Even if you become the employee the boss never wants to fire, we know that you could still lose your job. Because bad things happen even to good people.
But being a valuable and valued employee does mean you'll have better, albeit not absolute, job security. It also means getting good references when you're out there looking for a job. It's also about enjoying your job more and drawing a greater sense of satisfaction from your work.
"When your colleagues see you performing above-and-beyond, without doing it front of a spotlight, with no seeming reward, then you set the bar for excellence in your group," James Altucher says in The Rich Employee. "Keep setting the bar in unexpected ways and suddenly you become the bar that everyone strives to be like."

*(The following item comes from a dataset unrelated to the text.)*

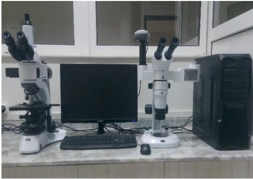
Novel marka N-800M model kameralı ışık mikroskobu ve Novel marka NSZ 808 model stereo mikroskop.

Giysilik, döşemelik vb. birçok kumaş türüne numune tutucu ve ağırlıkların değişimi ile aşınma dayanımı ve boncuklanma direnci testleri yapılmaktadır.

So what do valuable employees have that makes them essential to their employers?
As a CEO, here are the qualities that make people vital to my team:
They have robust skill-sets.
When employers hire people, they're looking for specific skills. Whether it's in finance, operations, marketing, sales, development, or any other area of the company, you have to have the skills the job requires. You also have to be willing to keep learning new skills, which can sometimes lead you to an entirely different role.
But there are other skills employers are looking for, that may not necessarily be explicit in the job description. I'm referring to "meta" skills that are needed in any job.
These include the ability to organize yourself, your environment, and your tasks. Another necessary skill is the ability to meet deadlines and be responsible for your work. Yet another desirable skill is the ability to communicate in whatever modes are often used by the company--usually by email, telephone, and face-to-face. And all employers want you to be able to get along reasonably well with others.
They have great attitudes.
But more than skills, valuable employees also bring beneficial attitudes to the job. These are the same attitudes that would make for a successful entrepreneur, such as: having a positive outlook; persisting through challenges and failures; refusing to see yourself as a victim, no matter what the situation; and leaning into uncertainty.
They ask good questions.
The most treasured employees deal well with ambiguity. When things aren't clear, they clarify as much as they can and then ask good questions, rather than freezing up or just punting the problem or project back to their managers. They know the right questions to ask that lead to the answers they need.
They think ahead.
Valuable employees think about the reasons why they're doing something and the implications of what happens if they do it one way or another. They think through the consequences of their actions and can anticipate--and prepare for--challenges.
They take ownership.
A valuable employee doesn't have to be a manager to take ownership of their job. They take ownership of the task or project, no matter how large or small, so they don't need their hands held through it all.
Also, when something goes wrong, they take responsibility for it and take action to make things right.
Employees become valued members of the team when they show the ability, willingness, and commitment to contribute to the company's success. It's not just a job for them; they really do care about the business and its customers.
Their bosses know that, whatever the task at hand may be, they'll dive in and do their best. Beyond receiving recognition and praise, the most beloved employees take pride in doing excellent work and making a positive difference.
You can never have enough people like that.